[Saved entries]
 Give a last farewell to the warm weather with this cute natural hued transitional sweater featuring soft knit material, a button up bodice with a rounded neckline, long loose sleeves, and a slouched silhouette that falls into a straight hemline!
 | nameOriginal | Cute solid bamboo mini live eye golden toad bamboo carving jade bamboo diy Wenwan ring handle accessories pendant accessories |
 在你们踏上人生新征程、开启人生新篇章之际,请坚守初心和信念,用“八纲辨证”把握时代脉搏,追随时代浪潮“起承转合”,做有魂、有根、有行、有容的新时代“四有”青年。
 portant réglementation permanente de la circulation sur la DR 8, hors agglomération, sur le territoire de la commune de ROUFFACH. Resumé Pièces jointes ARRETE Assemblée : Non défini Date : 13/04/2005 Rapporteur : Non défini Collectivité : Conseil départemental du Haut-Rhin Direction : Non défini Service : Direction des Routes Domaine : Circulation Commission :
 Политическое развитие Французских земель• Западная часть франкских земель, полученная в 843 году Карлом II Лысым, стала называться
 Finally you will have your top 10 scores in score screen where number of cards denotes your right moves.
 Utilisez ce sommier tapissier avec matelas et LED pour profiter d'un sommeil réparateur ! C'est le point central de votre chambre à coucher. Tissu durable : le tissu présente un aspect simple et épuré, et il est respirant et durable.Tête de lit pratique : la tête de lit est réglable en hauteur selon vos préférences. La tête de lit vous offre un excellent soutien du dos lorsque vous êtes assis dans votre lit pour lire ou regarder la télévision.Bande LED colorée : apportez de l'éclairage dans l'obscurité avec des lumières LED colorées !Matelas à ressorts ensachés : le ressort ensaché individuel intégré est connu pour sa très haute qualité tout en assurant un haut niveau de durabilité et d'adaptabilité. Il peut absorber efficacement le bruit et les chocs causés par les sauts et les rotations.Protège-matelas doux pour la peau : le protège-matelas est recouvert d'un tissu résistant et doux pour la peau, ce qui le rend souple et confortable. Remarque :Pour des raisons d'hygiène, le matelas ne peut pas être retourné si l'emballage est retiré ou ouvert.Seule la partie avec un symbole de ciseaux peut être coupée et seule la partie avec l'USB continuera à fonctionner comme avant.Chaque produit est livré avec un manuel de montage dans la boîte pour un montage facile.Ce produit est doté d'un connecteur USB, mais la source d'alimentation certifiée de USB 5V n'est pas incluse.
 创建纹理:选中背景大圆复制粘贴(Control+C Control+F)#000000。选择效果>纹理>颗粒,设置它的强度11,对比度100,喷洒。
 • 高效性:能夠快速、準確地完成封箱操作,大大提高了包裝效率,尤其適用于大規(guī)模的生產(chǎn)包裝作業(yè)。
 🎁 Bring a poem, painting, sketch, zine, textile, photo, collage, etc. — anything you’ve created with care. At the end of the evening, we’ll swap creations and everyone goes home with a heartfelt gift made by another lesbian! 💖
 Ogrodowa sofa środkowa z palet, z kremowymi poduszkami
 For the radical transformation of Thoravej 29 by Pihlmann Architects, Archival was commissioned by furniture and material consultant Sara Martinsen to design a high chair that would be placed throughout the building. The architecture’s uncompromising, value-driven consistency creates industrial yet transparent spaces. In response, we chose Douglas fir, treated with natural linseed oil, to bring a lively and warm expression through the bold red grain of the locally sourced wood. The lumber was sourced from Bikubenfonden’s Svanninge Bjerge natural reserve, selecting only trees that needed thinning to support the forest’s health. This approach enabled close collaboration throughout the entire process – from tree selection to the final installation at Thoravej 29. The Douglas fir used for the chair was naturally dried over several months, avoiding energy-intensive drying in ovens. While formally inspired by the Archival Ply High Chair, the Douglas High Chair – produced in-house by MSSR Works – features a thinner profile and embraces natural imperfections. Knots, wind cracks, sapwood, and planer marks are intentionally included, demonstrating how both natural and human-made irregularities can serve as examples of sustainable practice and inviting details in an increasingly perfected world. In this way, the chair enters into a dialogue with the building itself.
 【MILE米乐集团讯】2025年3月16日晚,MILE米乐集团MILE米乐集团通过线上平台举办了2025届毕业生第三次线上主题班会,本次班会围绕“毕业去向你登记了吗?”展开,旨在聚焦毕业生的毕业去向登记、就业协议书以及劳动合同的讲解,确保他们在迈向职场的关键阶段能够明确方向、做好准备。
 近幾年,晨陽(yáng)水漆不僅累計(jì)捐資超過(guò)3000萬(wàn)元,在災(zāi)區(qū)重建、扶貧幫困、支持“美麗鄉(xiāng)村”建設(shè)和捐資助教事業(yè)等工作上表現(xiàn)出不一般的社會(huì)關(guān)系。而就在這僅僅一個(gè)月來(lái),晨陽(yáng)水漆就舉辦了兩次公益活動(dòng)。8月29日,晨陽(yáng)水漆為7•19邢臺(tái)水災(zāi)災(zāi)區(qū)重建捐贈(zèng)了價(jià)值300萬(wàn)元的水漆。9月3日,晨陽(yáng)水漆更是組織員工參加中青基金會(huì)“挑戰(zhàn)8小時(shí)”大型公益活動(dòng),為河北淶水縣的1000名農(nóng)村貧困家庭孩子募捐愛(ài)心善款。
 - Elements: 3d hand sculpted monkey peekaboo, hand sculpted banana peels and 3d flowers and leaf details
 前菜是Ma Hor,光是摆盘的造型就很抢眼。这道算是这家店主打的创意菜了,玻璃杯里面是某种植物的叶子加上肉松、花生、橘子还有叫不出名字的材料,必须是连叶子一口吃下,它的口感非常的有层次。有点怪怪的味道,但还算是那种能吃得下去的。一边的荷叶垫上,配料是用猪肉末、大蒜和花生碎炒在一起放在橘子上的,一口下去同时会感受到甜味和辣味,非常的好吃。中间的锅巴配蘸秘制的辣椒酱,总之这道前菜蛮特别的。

> **ACTIVITY**
Lines from the first one above through the line containing "Finally you will" are to be retyped exactly, both included, and nothing more.

> **ANSWER SPACE**
 Give a last farewell to the warm weather with this cute natural hued transitional sweater featuring soft knit material, a button up bodice with a rounded neckline, long loose sleeves, and a slouched silhouette that falls into a straight hemline!
 | nameOriginal | Cute solid bamboo mini live eye golden toad bamboo carving jade bamboo diy Wenwan ring handle accessories pendant accessories |
 在你们踏上人生新征程、开启人生新篇章之际,请坚守初心和信念,用“八纲辨证”把握时代脉搏,追随时代浪潮“起承转合”,做有魂、有根、有行、有容的新时代“四有”青年。
 portant réglementation permanente de la circulation sur la DR 8, hors agglomération, sur le territoire de la commune de ROUFFACH. Resumé Pièces jointes ARRETE Assemblée : Non défini Date : 13/04/2005 Rapporteur : Non défini Collectivité : Conseil départemental du Haut-Rhin Direction : Non défini Service : Direction des Routes Domaine : Circulation Commission :
 Политическое развитие Французских земель• Западная часть франкских земель, полученная в 843 году Карлом II Лысым, стала называться
 Finally you will have your top 10 scores in score screen where number of cards denotes your right moves.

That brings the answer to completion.